Village News & Events:

Letter to HCC regarding the proposed safe walking route to RMS from Hook

During the meeting on 4 March 2019, the full council approved the following letter to the Director of Children’s Service at HCC:-

Odiham Parish Council (OPC) have had representatives attend several meetings with Officers from Hampshire County Council and Hook Parish Council to review the proposed plans to create a safe walking route from Hook to Robert May’s School in Odiham.

At a recent public meeting in Hook, it was implied by HCC that OPC were supportive of these plans. OPC would like to make it clear that at no point has this Council formally been asked to provide feedback or endorse the plans.

Given our concern that OPC were positioned as supportive of these plans, we would like to make it clear that, from the information shared with OPC, our Councillors and Executive Officer who attended your meetings raised concerns about your proposal, specifically with regard to the crossing of the A287 at the Derby/Lodge roundabout within our parish.

It is not apparent to OPC how HCC Highways can make this a safe crossing for the potential numbers of children that will need to use it, particularly in the morning.  We have also strong doubt with regard to the strength of the traffic gap analysis undertaken by HCC at this busy junction.

While our resident’s children will not have to endure this route and it’s obvious risks, OPC Councillors have been vocal that they would not let their children undertake such a route if the situation were reversed.  Our clear impression is that HCC are looking at the “safety” of this route purely from a Highway safety aspect with no consideration for any other aspects of children’s safety/behaviour.

Although the primary area of concern of our members is the safety of the children, Councillors have also raised issue with regards to the impact this route will have on traffic congestion around Odiham.  The impact of hundreds of children crossing a busy A road, as well as added traffic from the parents not wishing their children to walk such an obviously unsafe route, will undoubtedly create significant traffic issues for our residents and people who work in and around our village.

While it would be correct to say that both OPC and Hook Parish Council have explored an amenity route between Hook and Odiham for many years, this should not in any way be seen as an endorsement of your plans, which we believe as a designated route to school would be to the detriment of children’s safety and add congestion to our roads.



Extra-care Professionals Event

Hart District Council, Hampshire County Council and Vivid Homes will be holding an Extra-care Event for professionals and volunteers who work with people aged 60+. The event is being held at the extra-care scheme at Campbell Place in Fleet. 

If you are a professional or volunteer who within your role may encounter people age 60+ who have a care need, you are invited to attend this information event to find out more about how extra-care housing could be an option to offer independent living for this client group. 

The event will include talks from Hampshire County Council’s Adult Services Team, Hart District Council’s Housing Team, Vivid Homes and the on-site provider – ACASA regarding what extra-care housing is and what Campbell Place can offer. There will also be a showing of the new Campbell Place information video and an opportunity to have a tour of Campbell Place and a look at the type of accommodation which is available.

The event will be held on Wednesday 3rd April 2pm – 4pm and refreshments will be available.


Hart Local Plan – Announcement by Cllr Coakarill

We have received a letter from the Inspector, Jonathan Manning, giving us some provisional feedback on a couple of issues associated with the Local Plan.
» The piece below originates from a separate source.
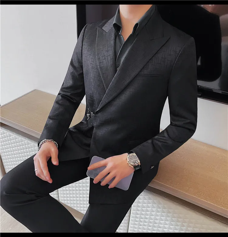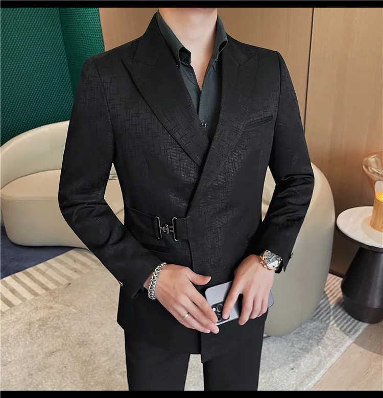 The Men's Suit Metal Buckle Design Gun Collar Jacket is a must-have for anyone looking to make a statement with their formal attire. Its bold design, coupled with the high-quality fabric and tailored fit, provides the perfect blend of style, comfort, and sophistication. Whether you're attending a corporate event, a social gathering, or a formal dinner, this jacket ensures that you look sharp and stylish. Elevate your wardrobe with this unique piece and embrace a fresh take on traditional men's fashion.
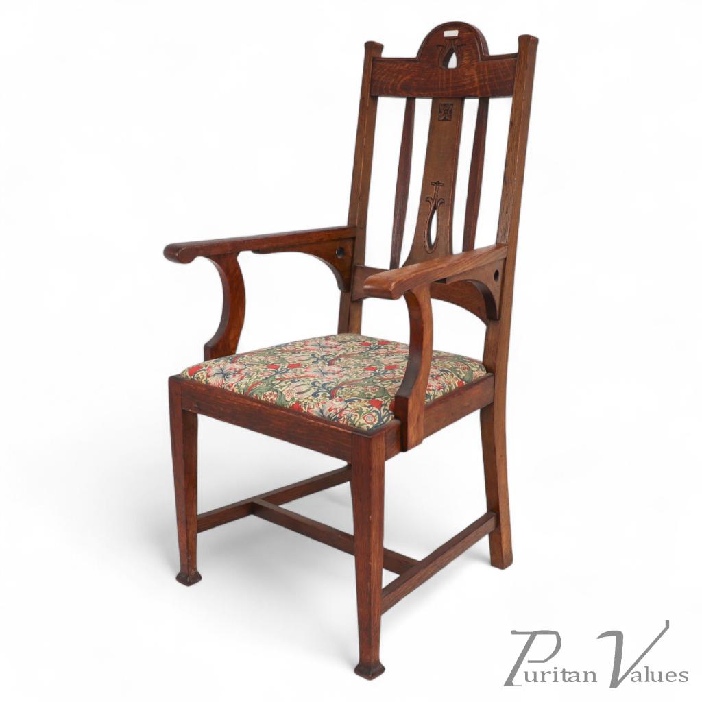 Goodall, Lambs & Heighway of Manchester, stamped under the seat rail. An Arts & Crafts Oak armchair with stylized floral carved back splat and pierced sweeping arm supports.

I must stress that this is not his final report but the letter gives us a clear indication that, subject to the Council agreeing a couple of important modifications, we are close to having in place a sound Local Plan. It is a very important milestone because we have never reached this stage before.

The Inspector has accepted our assessment of what is our objectively assessed housing need at around 388 dwellings per annum and recognised our positive approach to meeting that need. It is for this reason that the Inspector recommends that we agree to meet Surrey Heath’s unmet need because he considers that it can be done within our projected targets without changing our plan or having to find further sites.

The Inspector’s other key recommendation is that we do not, at this time, pursue Policy SS3. In his view the new settlement approach is not sufficiently developed to be included within the Plan particularly as the numbers of new homes it may deliver are not necessary to meet our housing numbers within this Plan. The important point is that the inspector does not rule out a new settlement option for the future. He recognises our clear aspiration to deliver a new settlement to meet long-term housing needs. He accepts that it would be acceptable for the Plan to retain the Council’s aspirations to plan for long-term needs beyond the Plan period, which could refer to the delivery of a new settlement through (potentially an early or immediate) review of the Plan or a subsequent DPD. He says that this would not change any timescales.

The letter has been published on our web page.

I  intend to work with respective Group Leaders and through the Local Plan Steering Group to agree the next steps but it would seem to me that our best interests lie in getting a sound local plan swiftly in place in the form as recommended by the Inspector.

This is great news for both the Council and its residents because having a local plan in place will give us a sound basis to make future planning decisions and it removes the threat of planning by appeal.